§ REQUIRED WORK
The lines to find are those in the entries that hold the word "with"; copy every one of them.
*** SUPPLIED INFORMATION ***
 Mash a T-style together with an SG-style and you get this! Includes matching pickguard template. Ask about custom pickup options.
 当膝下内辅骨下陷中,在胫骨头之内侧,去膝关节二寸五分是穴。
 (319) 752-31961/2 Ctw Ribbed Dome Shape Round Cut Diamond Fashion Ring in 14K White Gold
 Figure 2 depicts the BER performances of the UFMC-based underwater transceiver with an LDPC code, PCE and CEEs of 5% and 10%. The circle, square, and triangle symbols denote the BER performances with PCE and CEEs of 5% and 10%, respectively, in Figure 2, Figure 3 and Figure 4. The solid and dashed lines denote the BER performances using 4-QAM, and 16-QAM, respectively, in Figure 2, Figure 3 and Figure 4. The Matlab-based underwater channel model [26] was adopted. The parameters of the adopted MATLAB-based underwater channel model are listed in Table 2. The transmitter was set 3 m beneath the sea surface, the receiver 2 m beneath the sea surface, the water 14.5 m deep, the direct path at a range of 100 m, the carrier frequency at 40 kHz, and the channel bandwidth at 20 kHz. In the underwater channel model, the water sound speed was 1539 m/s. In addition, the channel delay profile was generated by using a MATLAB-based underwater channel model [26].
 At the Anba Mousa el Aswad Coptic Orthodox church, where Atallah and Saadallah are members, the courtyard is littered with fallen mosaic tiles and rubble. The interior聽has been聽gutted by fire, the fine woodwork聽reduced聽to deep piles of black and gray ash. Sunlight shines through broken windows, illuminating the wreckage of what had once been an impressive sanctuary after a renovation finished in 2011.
*** End of SUPPLIED INFORMATION ***
*** SUPPLIED INFORMATION ***
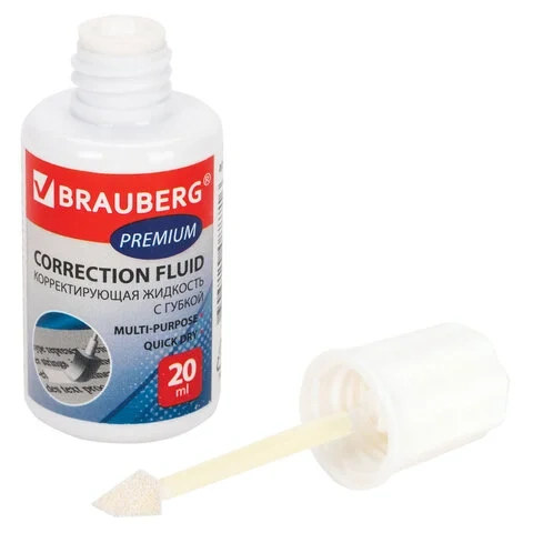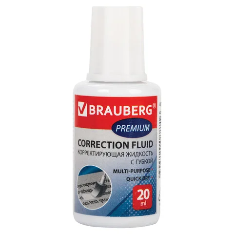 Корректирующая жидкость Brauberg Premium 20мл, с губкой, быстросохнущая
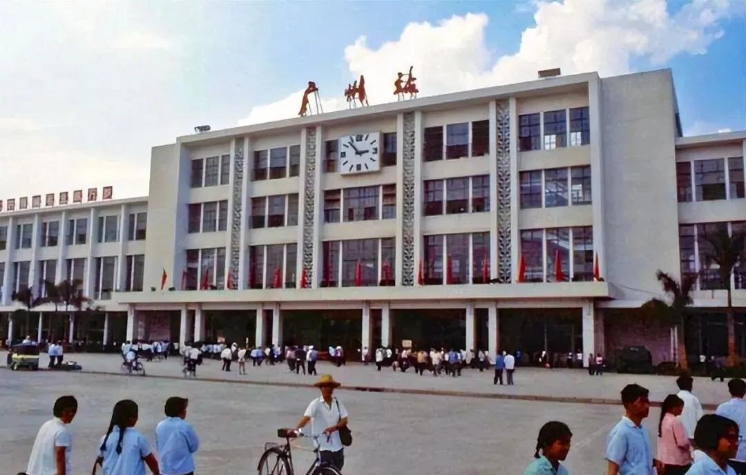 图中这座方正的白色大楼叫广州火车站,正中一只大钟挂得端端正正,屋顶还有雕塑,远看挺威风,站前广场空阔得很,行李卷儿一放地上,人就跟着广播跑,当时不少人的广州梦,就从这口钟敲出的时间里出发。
*** End of SUPPLIED INFORMATION ***
*** SUPPLIED INFORMATION ***
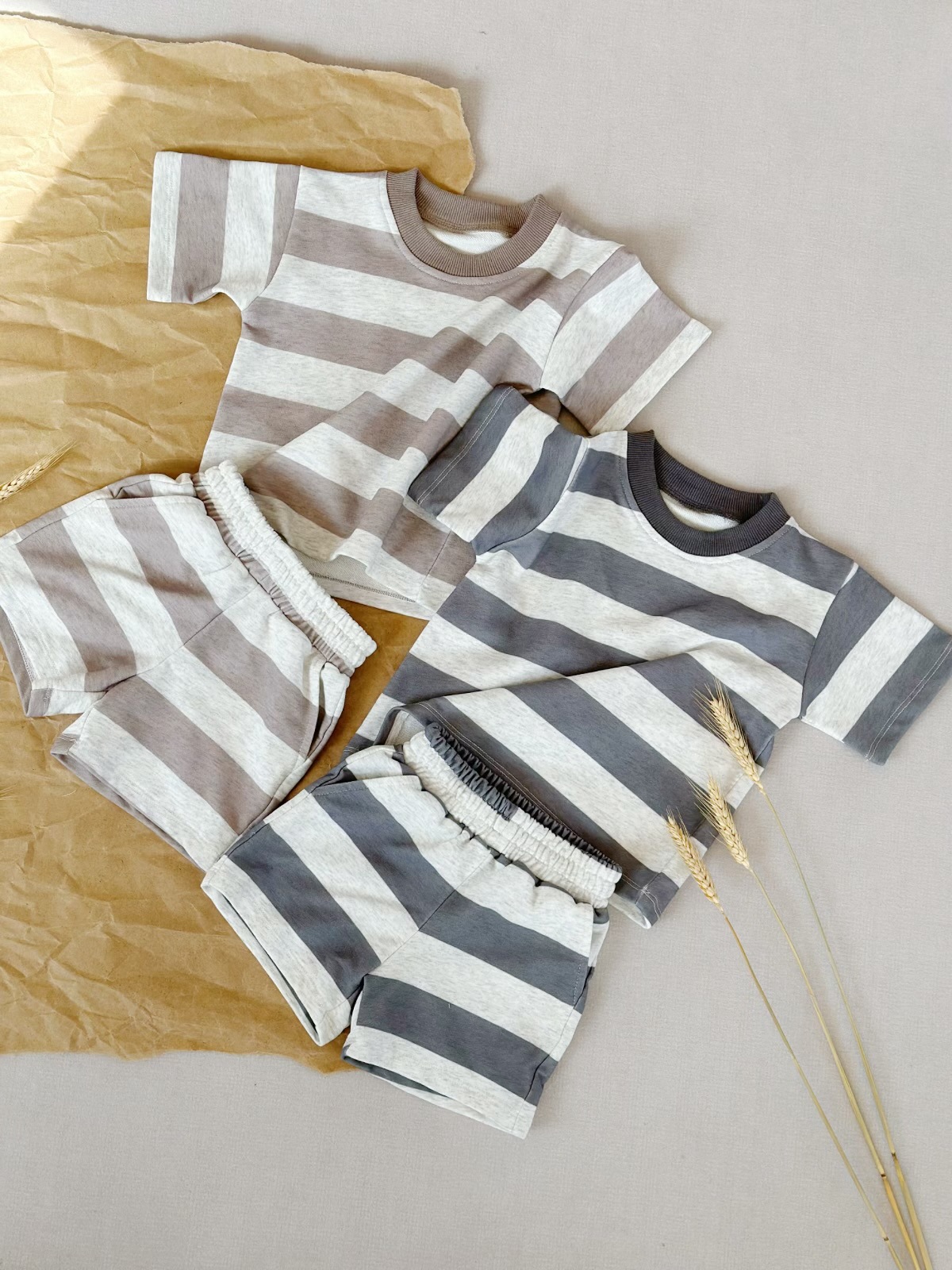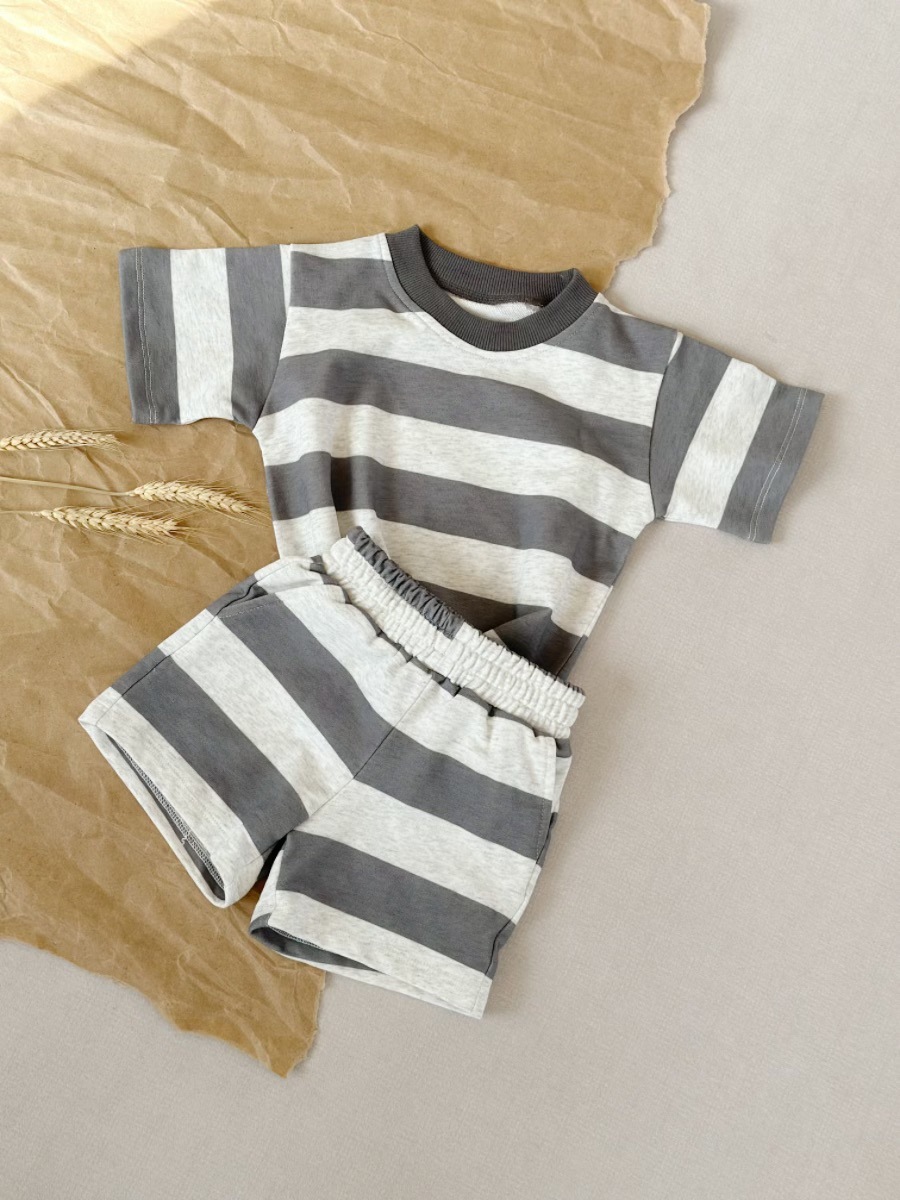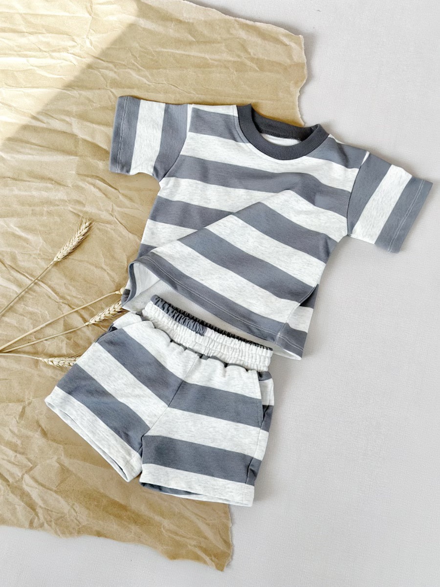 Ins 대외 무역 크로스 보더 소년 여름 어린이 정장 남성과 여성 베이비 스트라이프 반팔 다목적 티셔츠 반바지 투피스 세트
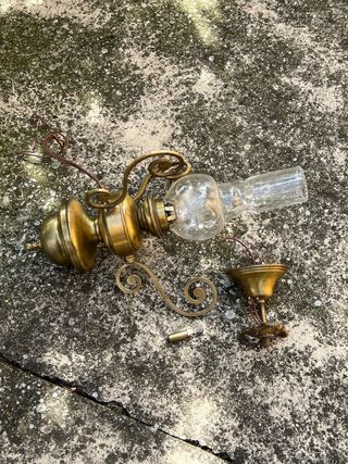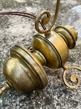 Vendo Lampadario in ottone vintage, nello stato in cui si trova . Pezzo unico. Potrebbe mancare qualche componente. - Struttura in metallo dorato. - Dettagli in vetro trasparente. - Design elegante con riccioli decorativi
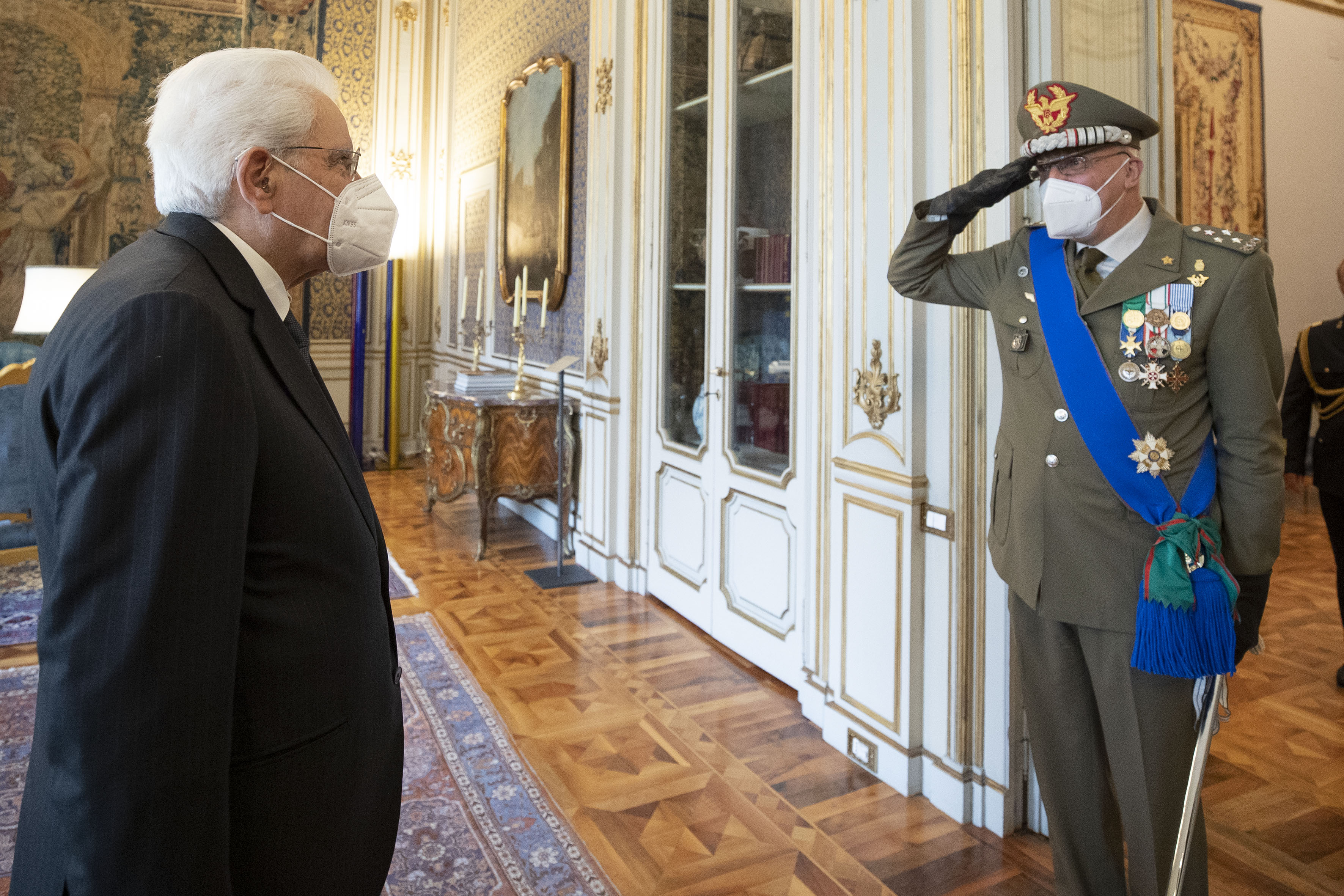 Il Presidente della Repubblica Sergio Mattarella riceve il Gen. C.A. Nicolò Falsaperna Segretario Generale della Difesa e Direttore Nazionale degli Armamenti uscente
*** End of SUPPLIED INFORMATION ***
§ ANSWER BELOW
 Mash a T-style together with an SG-style and you get this! Includes matching pickguard template. Ask about custom pickup options.
 Figure 2 depicts the BER performances of the UFMC-based underwater transceiver with an LDPC code, PCE and CEEs of 5% and 10%. The circle, square, and triangle symbols denote the BER performances with PCE and CEEs of 5% and 10%, respectively, in Figure 2, Figure 3 and Figure 4. The solid and dashed lines denote the BER performances using 4-QAM, and 16-QAM, respectively, in Figure 2, Figure 3 and Figure 4. The Matlab-based underwater channel model [26] was adopted. The parameters of the adopted MATLAB-based underwater channel model are listed in Table 2. The transmitter was set 3 m beneath the sea surface, the receiver 2 m beneath the sea surface, the water 14.5 m deep, the direct path at a range of 100 m, the carrier frequency at 40 kHz, and the channel bandwidth at 20 kHz. In the underwater channel model, the water sound speed was 1539 m/s. In addition, the channel delay profile was generated by using a MATLAB-based underwater channel model [26].
 At the Anba Mousa el Aswad Coptic Orthodox church, where Atallah and Saadallah are members, the courtyard is littered with fallen mosaic tiles and rubble. The interior聽has been聽gutted by fire, the fine woodwork聽reduced聽to deep piles of black and gray ash. Sunlight shines through broken windows, illuminating the wreckage of what had once been an impressive sanctuary after a renovation finished in 2011.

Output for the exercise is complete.